Julia Fairchild is a physician in a small southern Washington State town. She has long-term family roots in Parkview, a town of 38,000 built around the local pulp and paper mill. An internist at the local hospital, Julia has a hobby: solving mysteries.

“One Will Too Many: A Julia Fairchild Mystery,” by PJ Peterson is this series’s fourth book. In the first three a peripatetic Fairchild (generally accompanied by her sister Carly) are vacationing in exotic locations. This one takes place in Parkview.

It begins with Pam, a childhood friend of Julia getting called out of town abruptly. Pam has to skip an important fundraising event to restore a landmark historic theater building in Fairview. She twists Julia’s arm into replacing her at the tux and formal dress event. This ends up involving Julia in a bizarre death. When banker Jay Morrison gets drunk Julia give his girlfriend Sophia a ride home. The next morning, Julia drives Sophia to Jay’s house so Sophia can recover her car. They find Jay unconscious in the dining room.

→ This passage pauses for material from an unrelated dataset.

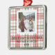 Capture the magic of your first holiday together with this personalized “Our First Christmas” metal ornament. Designed with a festive white plaid background in classic red and green tones, it highlights your favorite couple photo for a warm, timeless holiday look. Add your names and year to create a one-of-a-kind keepsake — perfect for newlyweds, engaged couples, or as a heartfelt gift. Crafted from durable metal with a glossy finish and red ribbon, it’s a beautiful addition to any Christmas tree.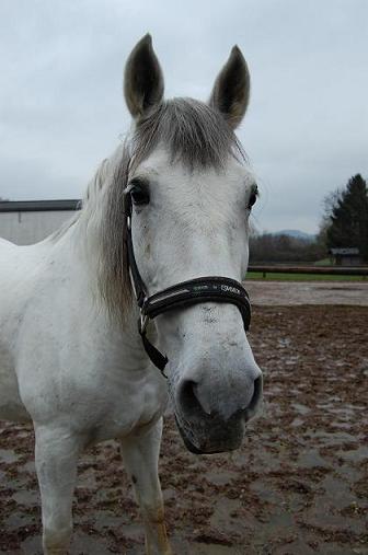 Die schwarzen Streifen auf der Nase sind keine Wirbel oder so, sondern Serreta-Narben als bleibendes Andenken an die Zeit in Spanien. Tico ist ein P.R.E.-Wallach und jetzt 10 Jahre alt. Er stammt - soweit ich es erfahren konnte - aus einer Stierkampfzucht und wurde dort nach einem Trainingsunfall ausgemustert. Quer über die Stirn hat er auch eine große Narbe.

Julia does her best to save Jay, but he dies soon after reaching the hospital. The coroner rules the death homicide. Jay died of methanol poisoning. The local police soon reach a dead end.

Feeling involved (she did discover him), Julia starts working to find the killer. The local police are short-handed. Julia has a nephew in the sheriff’s department who is working on the crime. Through him she gets permission to investigate.

It proves a tangled web. Morrison had many secrets – some serious enough to kill him over. Even Julia’s boyfriend Alex seems involved somehow. The killer is willing to use violence to remain undetected.

“One Will Too Many” is a book written for those who watch the Hallmark Channel. It is easy to see this book adopted into a Hallmark movie. The main characters are college-educated upwardly-mobile professionals: doctors, lawyers, and bankers. Parkview is a town of sturdy Americana in a bucolic setting. The poverty seen is many small towns is absent.

This is not bad. Not every murder mystery has to be a gritty noire passage though urban mean streets. Agatha Christie’s mysteries and Dorothy Sayer’s Peter Wimsey tales were had backgrounds corresponding to Peterson’s tale, albeit set in England. “One Will Too Many” offers pleasant entertainment; a brief escape to a world where restoring a nineteenth century theater is a town’s biggest problem.

Mark Lardas, an engineer, freelance writer, historian, and model-maker, lives in League City. His website is marklardas.com .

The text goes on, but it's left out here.